> [Exercise brief]
From the first line of the material below through the line containing "镜头转向企鹅馆,6只小巧玲珑", print every line exactly as it stands, but no pictures.
────────────────────────────────────────
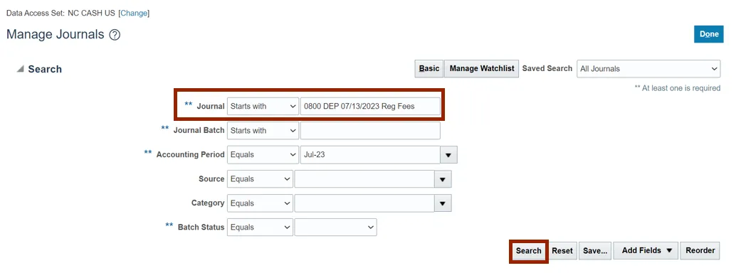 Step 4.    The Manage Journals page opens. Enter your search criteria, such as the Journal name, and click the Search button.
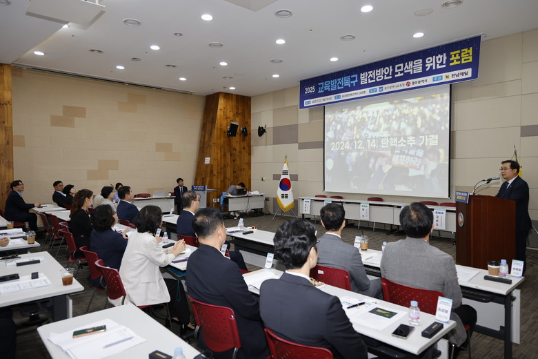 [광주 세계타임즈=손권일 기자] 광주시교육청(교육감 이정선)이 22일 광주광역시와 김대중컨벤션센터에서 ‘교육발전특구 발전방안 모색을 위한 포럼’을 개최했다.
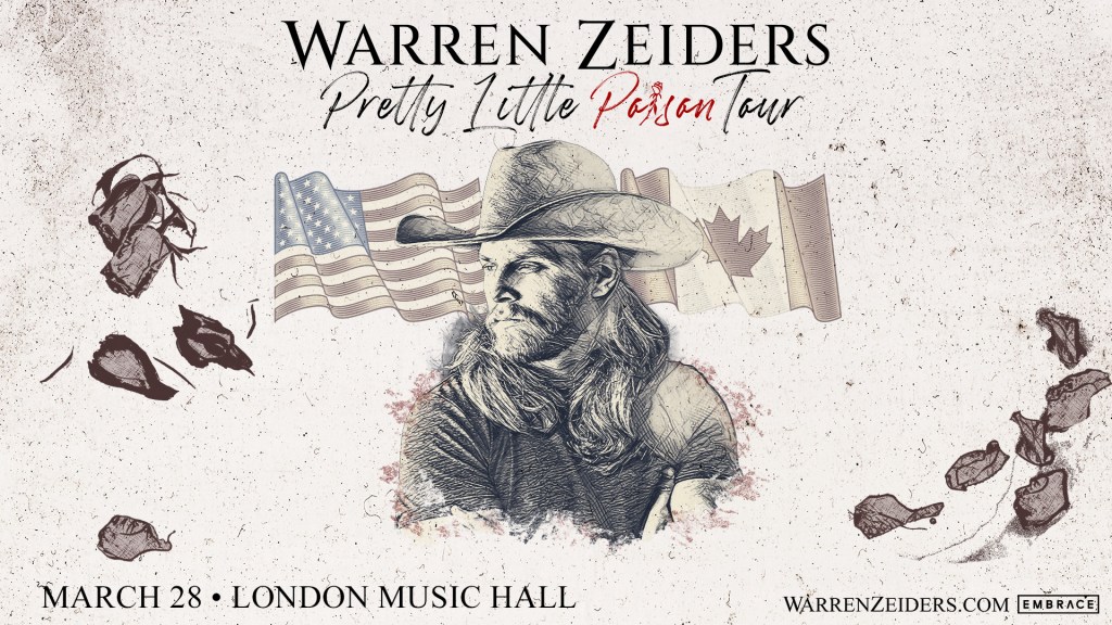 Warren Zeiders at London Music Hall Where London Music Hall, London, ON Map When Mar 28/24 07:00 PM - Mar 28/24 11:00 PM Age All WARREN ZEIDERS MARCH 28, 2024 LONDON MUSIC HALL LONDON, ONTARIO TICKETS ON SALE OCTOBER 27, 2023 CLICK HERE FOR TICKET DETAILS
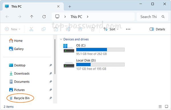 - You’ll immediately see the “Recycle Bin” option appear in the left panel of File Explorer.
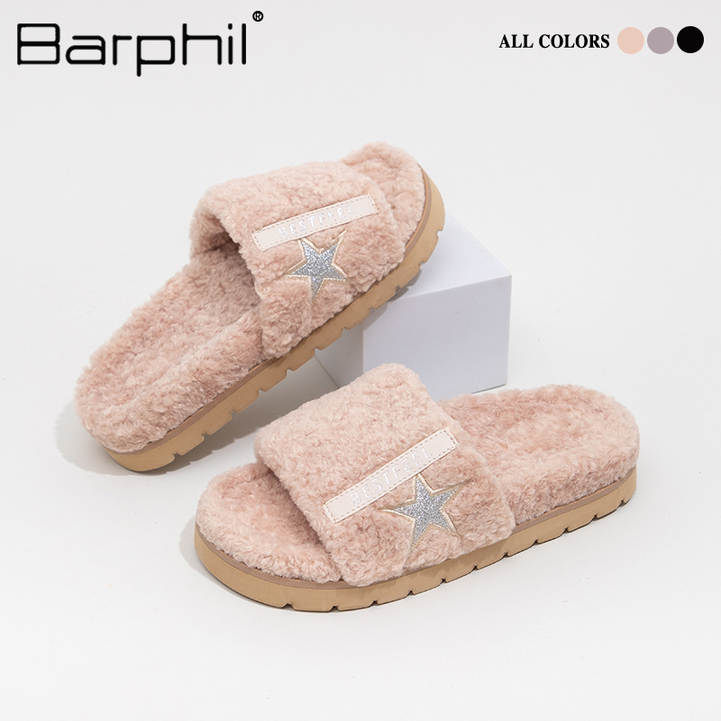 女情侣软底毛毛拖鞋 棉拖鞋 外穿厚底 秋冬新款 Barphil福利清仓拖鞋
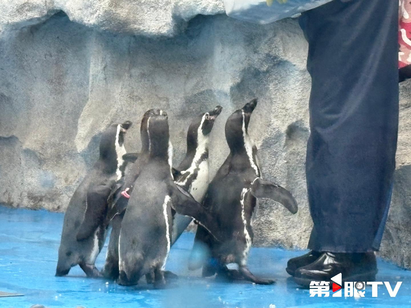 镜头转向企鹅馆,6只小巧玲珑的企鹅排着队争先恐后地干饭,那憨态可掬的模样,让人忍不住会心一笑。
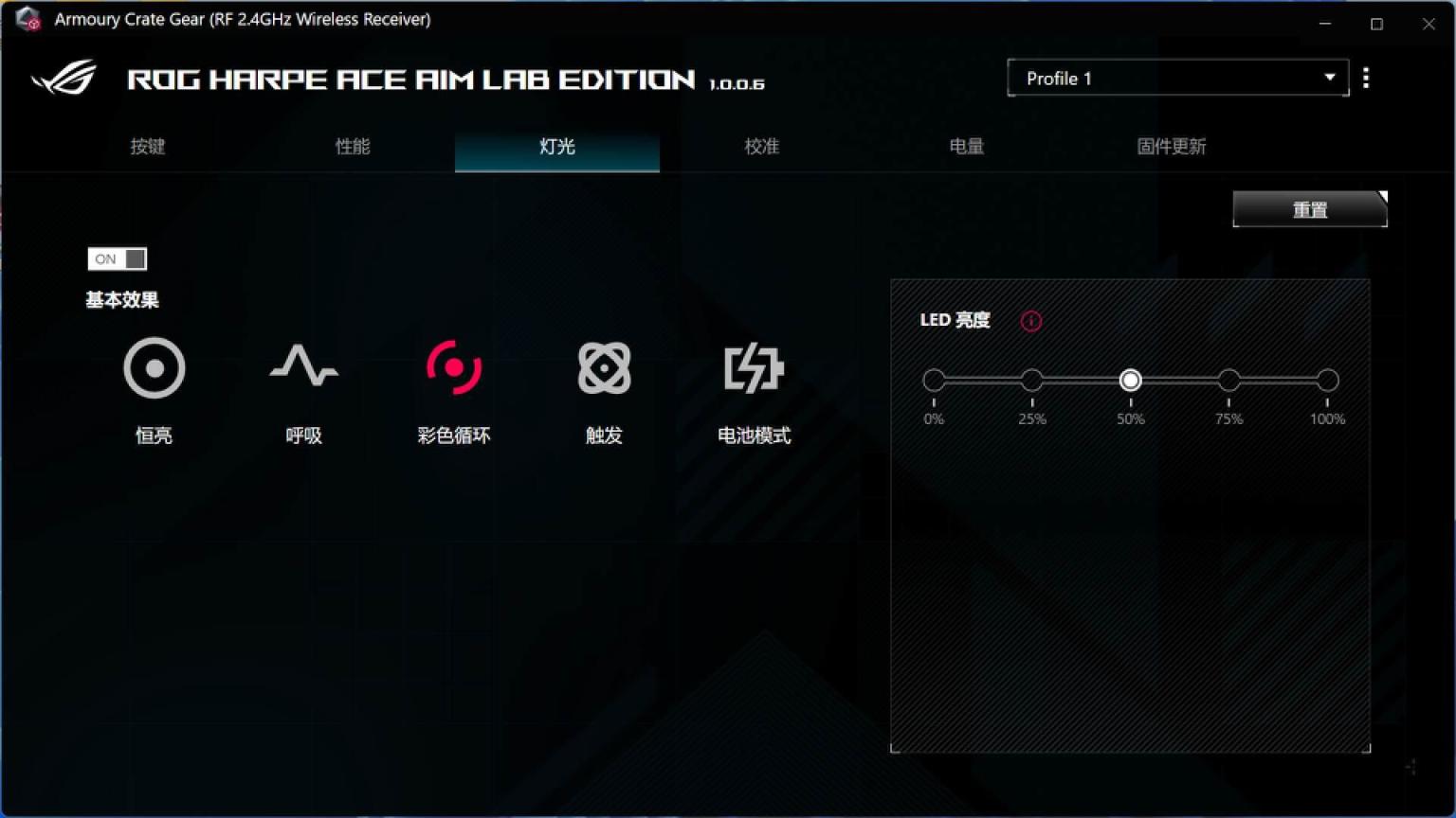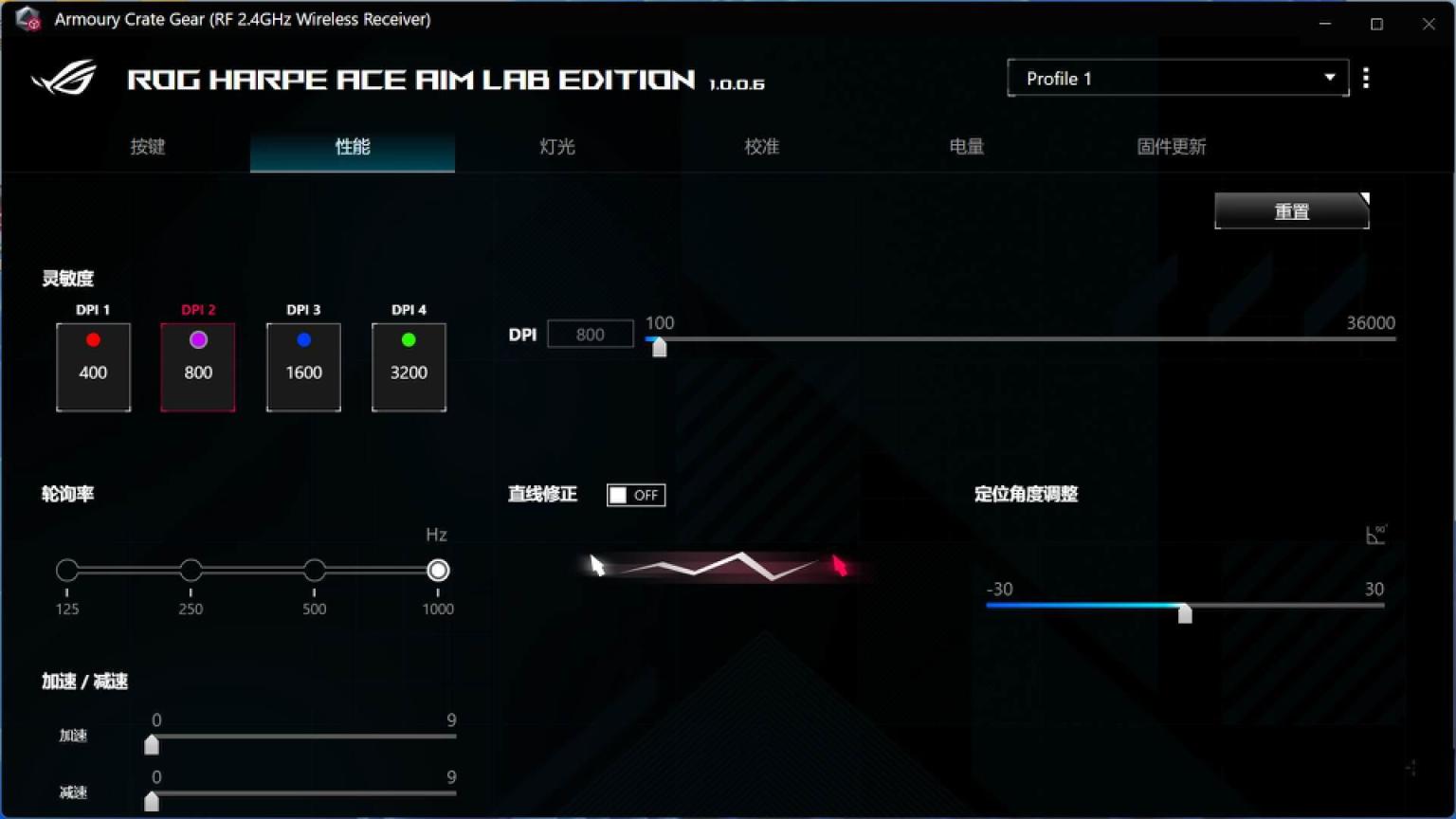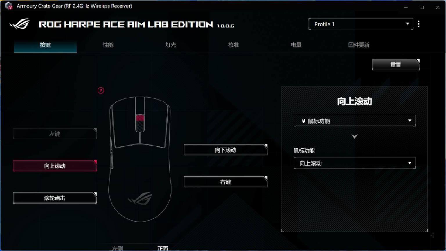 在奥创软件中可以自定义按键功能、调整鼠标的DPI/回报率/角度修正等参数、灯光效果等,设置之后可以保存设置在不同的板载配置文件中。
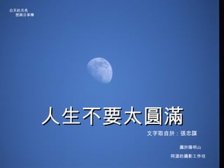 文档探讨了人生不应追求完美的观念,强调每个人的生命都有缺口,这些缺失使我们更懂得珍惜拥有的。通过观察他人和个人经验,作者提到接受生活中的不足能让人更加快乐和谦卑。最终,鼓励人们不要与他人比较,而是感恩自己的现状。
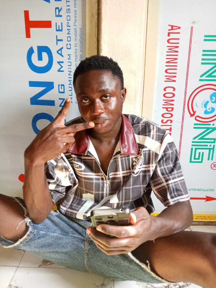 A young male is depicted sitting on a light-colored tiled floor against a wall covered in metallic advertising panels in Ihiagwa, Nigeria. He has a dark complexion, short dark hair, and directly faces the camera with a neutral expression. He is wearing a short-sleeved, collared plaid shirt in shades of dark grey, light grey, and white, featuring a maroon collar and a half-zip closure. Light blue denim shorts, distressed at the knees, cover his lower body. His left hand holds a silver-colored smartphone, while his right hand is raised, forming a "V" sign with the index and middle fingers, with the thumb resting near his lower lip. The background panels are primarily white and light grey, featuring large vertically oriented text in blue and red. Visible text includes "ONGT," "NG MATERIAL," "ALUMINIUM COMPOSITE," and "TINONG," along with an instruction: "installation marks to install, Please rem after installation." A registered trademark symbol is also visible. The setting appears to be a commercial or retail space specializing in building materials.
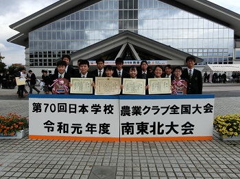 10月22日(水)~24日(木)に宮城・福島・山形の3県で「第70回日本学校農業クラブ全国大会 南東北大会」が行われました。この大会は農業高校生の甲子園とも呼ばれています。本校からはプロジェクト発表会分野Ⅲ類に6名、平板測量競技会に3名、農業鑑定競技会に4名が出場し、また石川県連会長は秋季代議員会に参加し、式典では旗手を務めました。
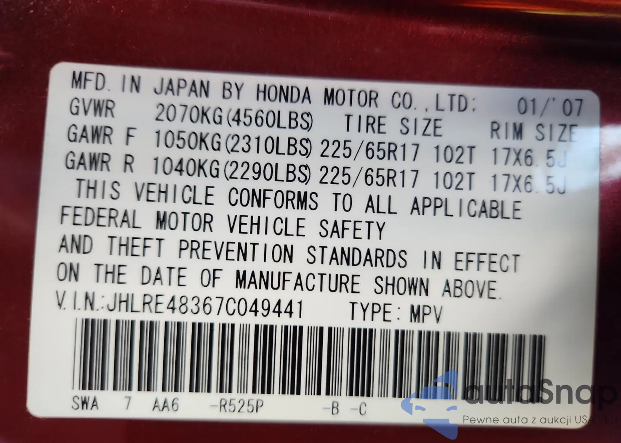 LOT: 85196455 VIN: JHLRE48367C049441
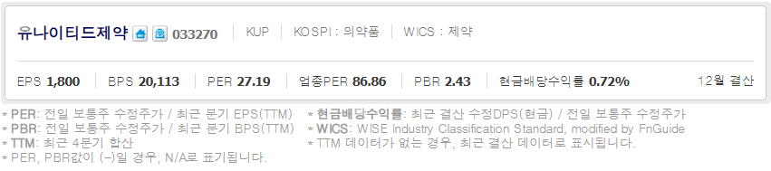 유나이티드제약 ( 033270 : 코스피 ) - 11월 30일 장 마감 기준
────────────────────────────────────────
> [Your response]
 Step 4.    The Manage Journals page opens. Enter your search criteria, such as the Journal name, and click the Search button.
 [광주 세계타임즈=손권일 기자] 광주시교육청(교육감 이정선)이 22일 광주광역시와 김대중컨벤션센터에서 ‘교육발전특구 발전방안 모색을 위한 포럼’을 개최했다.
 Warren Zeiders at London Music Hall Where London Music Hall, London, ON Map When Mar 28/24 07:00 PM - Mar 28/24 11:00 PM Age All WARREN ZEIDERS MARCH 28, 2024 LONDON MUSIC HALL LONDON, ONTARIO TICKETS ON SALE OCTOBER 27, 2023 CLICK HERE FOR TICKET DETAILS
 - You’ll immediately see the “Recycle Bin” option appear in the left panel of File Explorer.
 女情侣软底毛毛拖鞋 棉拖鞋 外穿厚底 秋冬新款 Barphil福利清仓拖鞋
 镜头转向企鹅馆,6只小巧玲珑的企鹅排着队争先恐后地干饭,那憨态可掬的模样,让人忍不住会心一笑。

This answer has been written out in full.